▶ **EXERCISE AIM**
Write out the listing from the line with "10月,有公众留言向中国地震" to the line with "двобортне шерстяне шикарне", both lines included, exactly and nothing beyond. Leave pictures out.

▶ **RECORDS SHOWN**
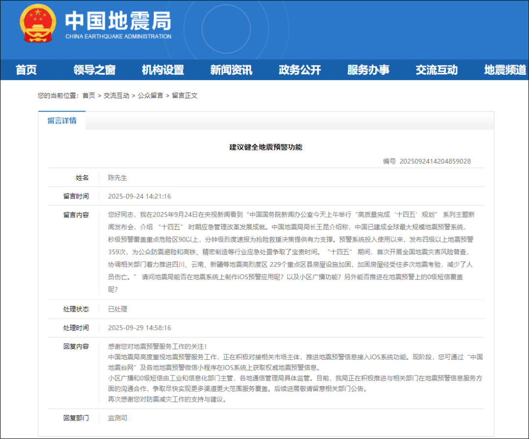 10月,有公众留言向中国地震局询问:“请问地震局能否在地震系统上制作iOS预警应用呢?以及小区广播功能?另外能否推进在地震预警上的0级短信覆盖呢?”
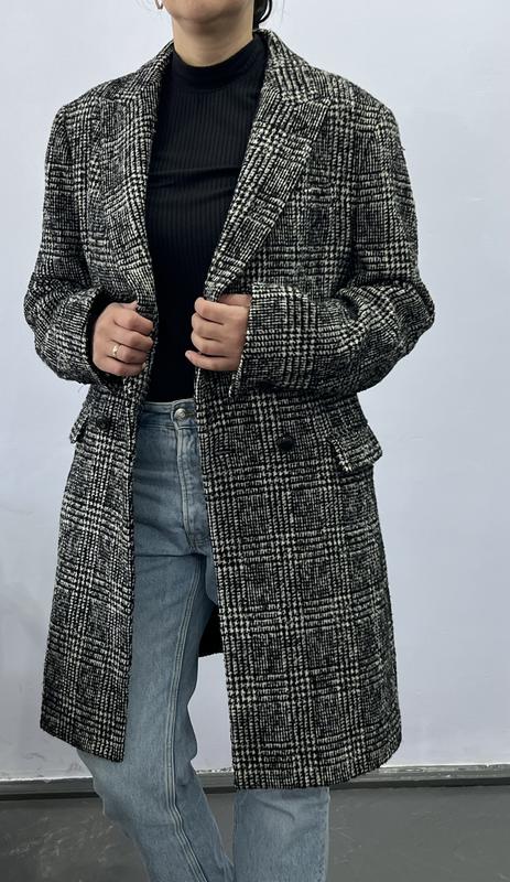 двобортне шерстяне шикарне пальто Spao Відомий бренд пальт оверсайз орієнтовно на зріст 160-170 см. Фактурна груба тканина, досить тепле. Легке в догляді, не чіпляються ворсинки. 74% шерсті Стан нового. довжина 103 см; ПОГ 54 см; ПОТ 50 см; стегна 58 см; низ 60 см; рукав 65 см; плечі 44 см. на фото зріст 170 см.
* * *
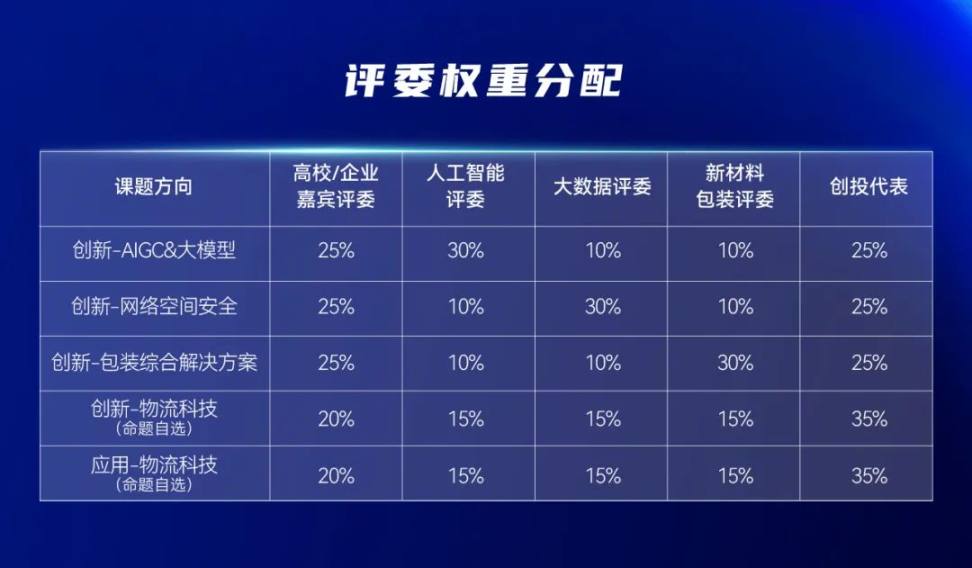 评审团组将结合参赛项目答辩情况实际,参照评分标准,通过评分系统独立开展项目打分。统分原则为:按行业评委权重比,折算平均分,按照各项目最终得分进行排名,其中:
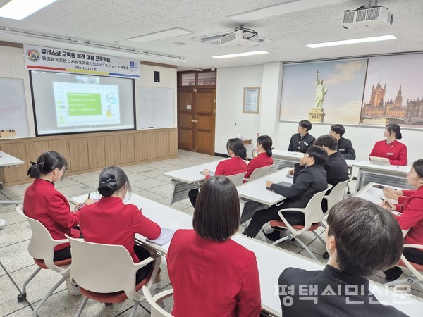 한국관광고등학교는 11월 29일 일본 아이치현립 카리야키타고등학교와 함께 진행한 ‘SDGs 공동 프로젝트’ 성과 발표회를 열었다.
---
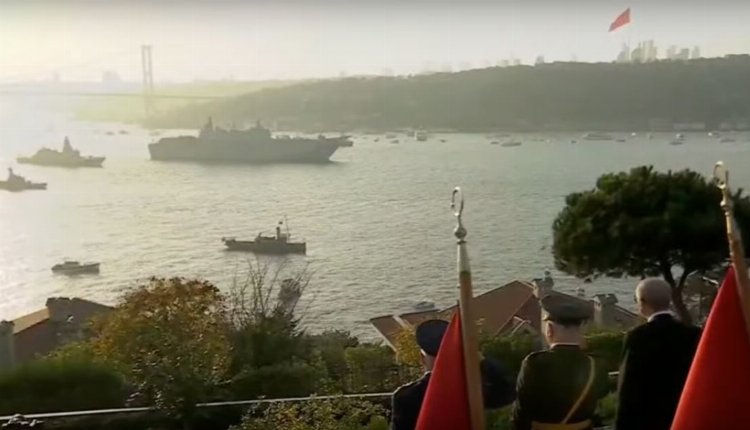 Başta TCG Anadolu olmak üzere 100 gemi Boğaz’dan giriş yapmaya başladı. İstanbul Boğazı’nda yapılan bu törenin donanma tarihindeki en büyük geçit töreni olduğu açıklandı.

▶ **TASK ANSWER**
 10月,有公众留言向中国地震局询问:“请问地震局能否在地震系统上制作iOS预警应用呢?以及小区广播功能?另外能否推进在地震预警上的0级短信覆盖呢?”
 двобортне шерстяне шикарне пальто Spao Відомий бренд пальт оверсайз орієнтовно на зріст 160-170 см. Фактурна груба тканина, досить тепле. Легке в догляді, не чіпляються ворсинки. 74% шерсті Стан нового. довжина 103 см; ПОГ 54 см; ПОТ 50 см; стегна 58 см; низ 60 см; рукав 65 см; плечі 44 см. на фото зріст 170 см.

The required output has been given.